Domingo, 10 de Maio de 2009

ÁGUAS SUBTRRÂNEAS

A água subterrânea é um recurso geológico de extrema importância que constitui cerca de 0,6 do total de água que existe no Planeta.

A quantidade e a qualidade da mesma tem efeitos na sobrevivência e na saúde das populações humanas.

Cerca de 15% da água que precipita sobre a superfície da Terra infiltra-se no solo, por acção da gravidade, e origina a água subterrânea que preenche os aquíferos.

AQUÍFEROS

São formações geológicas subterrâneas capazes de armazenar agua e de permitir a sua circulacao e extracao de forma economicamente rentável.

As rochas que constituem os aquíferos apresentam características favoráveis de porosidade e permeabilidade.

Um bom aquífero é simultaneamente poroso e permeável, o que lhe permite armazenar e libertar a água.

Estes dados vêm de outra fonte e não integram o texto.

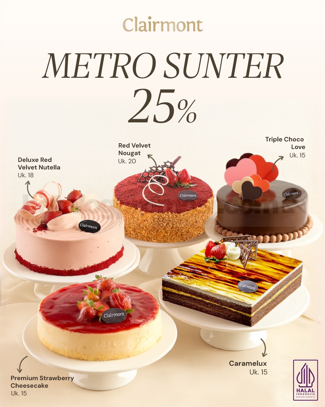 👉 Cek gambar promo Clairmont Metro Sunter diskon 25% di bawah ini untuk lihat detail cake yang bikin ngiler!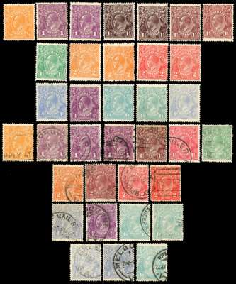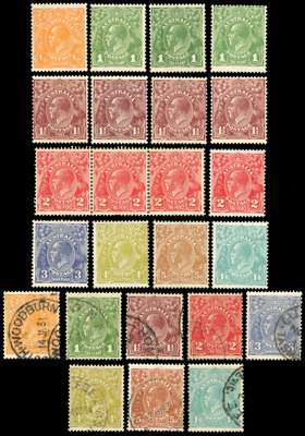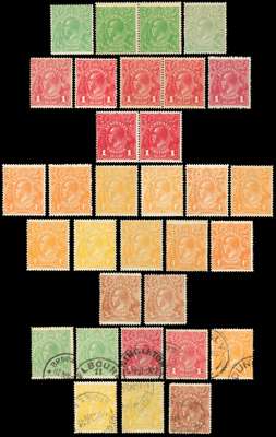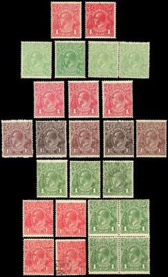 1914-36 collection of King's Heads on Hagner sheets, with better material. Mint: 1914-20 range including five shades of 1d including SG 21ce (RPS), eleven 4ds with all SG shades, both 5d shades; 1916-8 1ds (2), 1917-20 with shades; 1918-23 with shades to 1s4d (2), including 4d milky blue; 1924-5 at least two of each; 1926-30 perf 14 and 13½ x 12½ sets, and 1931-6 set plus 1d and 2d inverted watermarks. Condition appears to be chiefly good. A range of used, less extensive but still very useful, accompanies. Between 20/131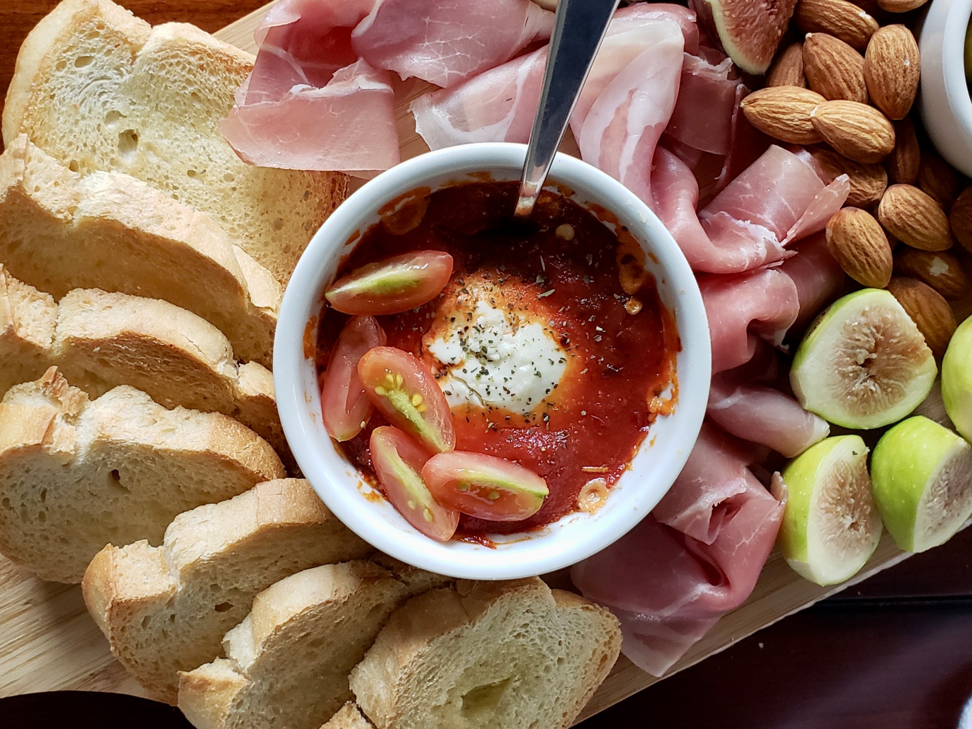 Evenly spread goat cheese into an oven-safe baking dish of choice. Top with marinara/pasta sauce and spices. Bake at 375 degrees fahrenheit until the goat cheese is soft and the sauce is bubbly (baking time will depend on how large of a dish you’re making).

São exemplos bons de aquíferos as areias, os cascalhos os arenitos, os conglomerados e os calcários fracturados.

 

POROSIDADE

È a percentagem do vovlume total da rocha ou dos sedimentos que é ocupado por espaçoes vazios, ou poros. A  porosidade constitui uma medida da capacidade da rocha em armazenar água.

Algumas rochas sedimentares, como arenitos e conglomerados, têm poros entre os grãos de minerais pelo que podem armazenar uma quantidade apreciável de água.

 

PERMEABILIDADE

È a capacidade das rochas transmitirem fluidos através dos poros ou fracturas.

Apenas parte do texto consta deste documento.